И всё, что было со мною – называется моим собственным, личным, кровным, если на то пошло, только одному мне и принадлежащим в этом мире, только мною одним и имеющим возможность быть выраженным в слове, только на меня одного и надеющимся, в этом смысле, более того – верящим в меня, требующим своего выражения жизненным опытом!
Господи! Как всё просто. Как бесконечно сложно.
Надо же – путешествую во времени!..
На то она и память, чтобы возвращаться туда, где бывал когда-то, чтобы сызнова жить там, где уже проходили – и прошли ведь! – годы, дни и мгновения твоей, а не чьей-нибудь, жизни.
Только странное нынче получается существование, пребывание – в тех, былых, временах. С грузом собственного опыта. Словно пришёл я туда, где был молодым, отягощённый огромной торбой с этим самым опытом, с этаким дорожным мешком, тяжесть которого безмерна, – и, однако, привычно, без всякого ропота, несу я эту тяжесть, постоянно чувствую её за плечами – но она не мешает мне в пути, – что за чудеса такие? Иногда кажется мне, что в руке я сжимаю дорожный посох.
Всё может быть. И есть. Особенно если существуешь не только в обычных трёх измерениях, но и в прочих, столь же реальных, как и эти, затверженно-школьные.
А может, и в других мирах приходится бывать. Поди гадай. Того же опыта набираешься – только в движении. Всё потом как-то само собою складывается, собирается воедино.
Всё может быть. Со мною вообще всё может быть. И бывает.
Меня всегда интересуют – пограничные состояния.
Они не просто мне интересны, они – важны для меня.
В них наиболее сильно проявляется то, что в других состояниях дремлет или не торопится выходить на передний план.

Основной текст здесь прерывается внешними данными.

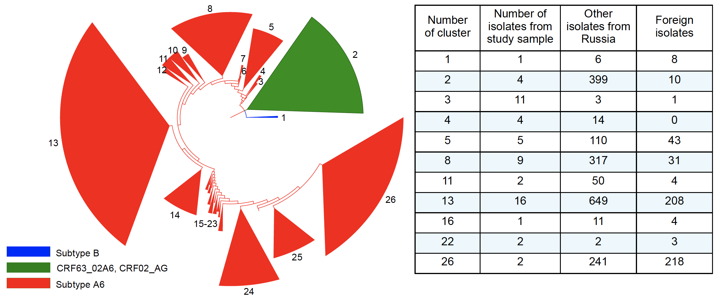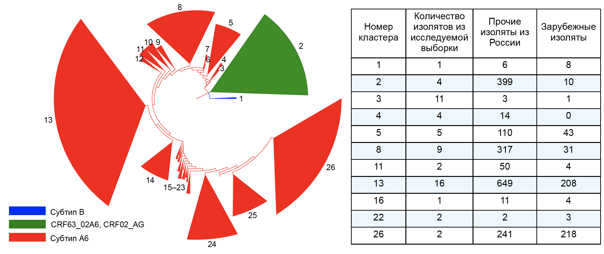 The largest cluster on the phylogenetic tree, cluster #13, containing 873 HIV genomes (29.8%; 95% CI 28.2–31.5), contained 16 strains from patients in the study group, as well as strains from patients of 19 foreign countries. The highest proportions of the 208 HIV strains from foreign countries in this cluster were strains circulating in Kyrgyzstan (29.3%), Belarus (23.6%), and Tajikistan (12.0%).

Состояния души. Состояния – в природе. В судьбе. Пограничные. На грани.
Между сном и явью.
Между творческими периодами.
Между жизненными полосами.
Состояния – когда работает подсознание.
Состояния – когда крепнет дух.
Состояния – когда определяется путь.
Состояния – в которых начинаешь чувствовать свет впереди – и идти к нему, выходить на него – из мглы, из тьмы, из сложностей всяких.
Состояние – предстояния.
Перед Богом.
Вот и в этой книге, как я погляжу, интуитивно, по чутью, как и всегда, говорю я – о пограничных состояниях, в жизни своей и в судьбе.
Достаточно внимательно прочитать мои стихи, чтобы увидеть целую галактику этих состояний.
Да и в мире сейчас – разве не пограничное состояние?
Век – на исходе. Был. Миновал. Новый век – забрезжил. Где-то рядом. Пришёл. Идёт. Но – куда? Поживём – увидим?
Что впереди?
Грань.
Узкая фаска лезвия.
Вот мы где с вами нынче находимся.
Слава Богу, что есть – память.
Вспоминаю Леонарда – в его тесной двухкомнатной квартире, этаком стандартном – но и на том спасибо, в те-то советские годы – пристанище интеллигентной московской семьи, в пятиэтажном доме, расположенном в одном из проездов Марьиной Рощи.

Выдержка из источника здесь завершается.